- PROBLEM REQUIREMENTS:
Reproduce verbatim the lines of the material below, starting at the line with "18일 전주역광장에서 전북민중행동" and ending at the line with "Brownhills West railway", both inclusive; skip the rest.

- RECORDED DATA:

———

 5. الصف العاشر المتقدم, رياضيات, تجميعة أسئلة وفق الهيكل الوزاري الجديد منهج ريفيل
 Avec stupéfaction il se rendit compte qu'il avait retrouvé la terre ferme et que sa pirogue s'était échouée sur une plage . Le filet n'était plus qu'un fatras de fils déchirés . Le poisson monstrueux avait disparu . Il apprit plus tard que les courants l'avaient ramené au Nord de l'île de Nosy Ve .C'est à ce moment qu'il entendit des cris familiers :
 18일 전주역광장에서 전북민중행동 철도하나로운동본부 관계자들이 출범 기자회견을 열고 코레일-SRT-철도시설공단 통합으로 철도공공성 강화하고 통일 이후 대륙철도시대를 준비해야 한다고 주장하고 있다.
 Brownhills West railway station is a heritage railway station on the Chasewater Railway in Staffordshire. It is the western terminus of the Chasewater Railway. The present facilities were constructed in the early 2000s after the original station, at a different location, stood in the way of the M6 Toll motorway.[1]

———

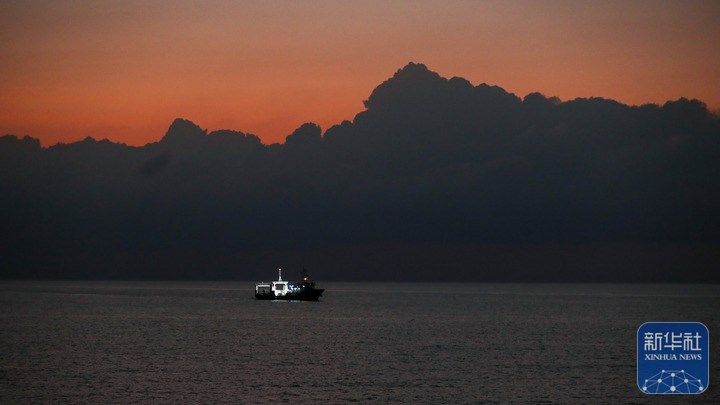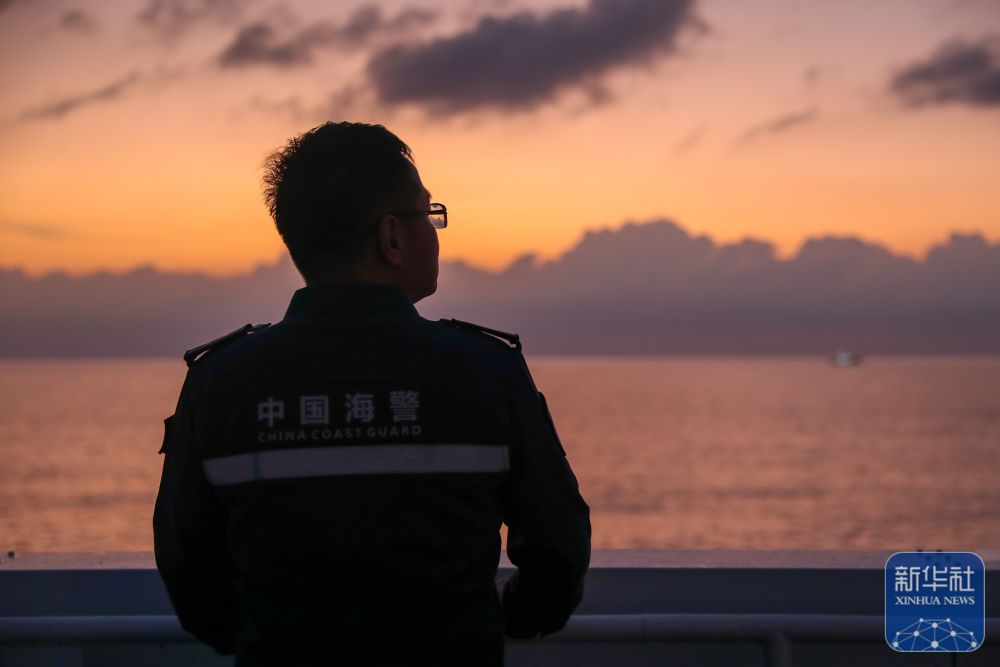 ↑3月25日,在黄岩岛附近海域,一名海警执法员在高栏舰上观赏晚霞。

———

- YOUR RESPONSE:
 18일 전주역광장에서 전북민중행동 철도하나로운동본부 관계자들이 출범 기자회견을 열고 코레일-SRT-철도시설공단 통합으로 철도공공성 강화하고 통일 이후 대륙철도시대를 준비해야 한다고 주장하고 있다.
 Brownhills West railway station is a heritage railway station on the Chasewater Railway in Staffordshire. It is the western terminus of the Chasewater Railway. The present facilities were constructed in the early 2000s after the original station, at a different location, stood in the way of the M6 Toll motorway.[1]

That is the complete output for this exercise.